## DATA BELOW
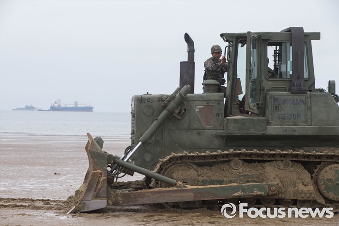 (태안=포커스뉴스) 7일 오전 충청남도 태안군 안면읍 인근 해안에서 2016 합동 해안양륙군수지원(J LOTS) 훈련이 열리고 있다. 합동참모본부 주관으로 해군과 해병대, 육군, 해경이 참가하는 합동 해안양륙군수지원 훈련은 항만 사용이 불가한 지역에서 작전을 수행중인 전투부대에 군수지운을 하기 위한 작전이다.
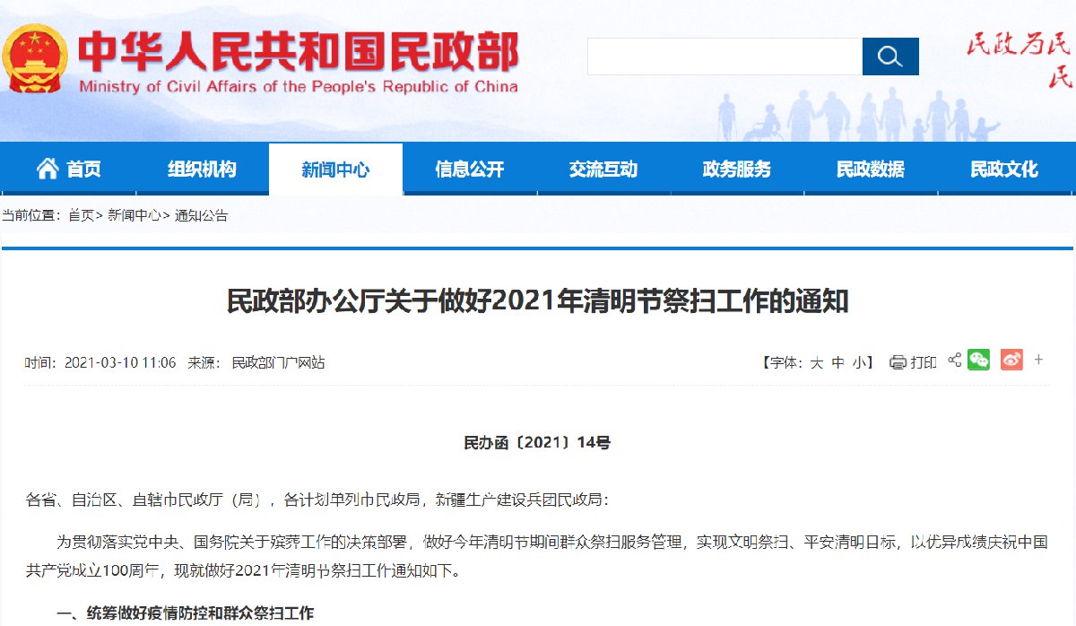民政部办公厅关于做好2021年清明节祭扫工作的通知
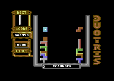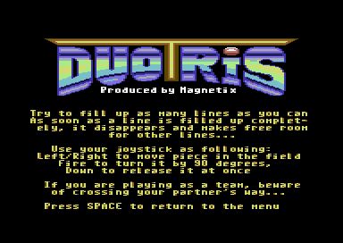 Duotris ist ein Clone von Tetris für zwei Spieler am C64. Das altbekannte Ziel ist möglichst viele Punkte zu erlangen, indem man, von oben fallende, Spielsteine auf dem Spielfeld so platziert, dass horizontal möglichst lückenlose Reihen entstehen. Sobald eine oder mehrere Reihen durch einen Spielstein komplettiert wurden, verschwinden sie und die darüber liegenden Steine fallen nach unten nach.

## PROBLEM DESCRIPTION
In the reply, every line of the material above is to be reproduced verbatim, and the images are to be left out.

## OUTPUT BELOW
 (태안=포커스뉴스) 7일 오전 충청남도 태안군 안면읍 인근 해안에서 2016 합동 해안양륙군수지원(J LOTS) 훈련이 열리고 있다. 합동참모본부 주관으로 해군과 해병대, 육군, 해경이 참가하는 합동 해안양륙군수지원 훈련은 항만 사용이 불가한 지역에서 작전을 수행중인 전투부대에 군수지운을 하기 위한 작전이다.
民政部办公厅关于做好2021年清明节祭扫工作的通知
 Duotris ist ein Clone von Tetris für zwei Spieler am C64. Das altbekannte Ziel ist möglichst viele Punkte zu erlangen, indem man, von oben fallende, Spielsteine auf dem Spielfeld so platziert, dass horizontal möglichst lückenlose Reihen entstehen. Sobald eine oder mehrere Reihen durch einen Spielstein komplettiert wurden, verschwinden sie und die darüber liegenden Steine fallen nach unten nach.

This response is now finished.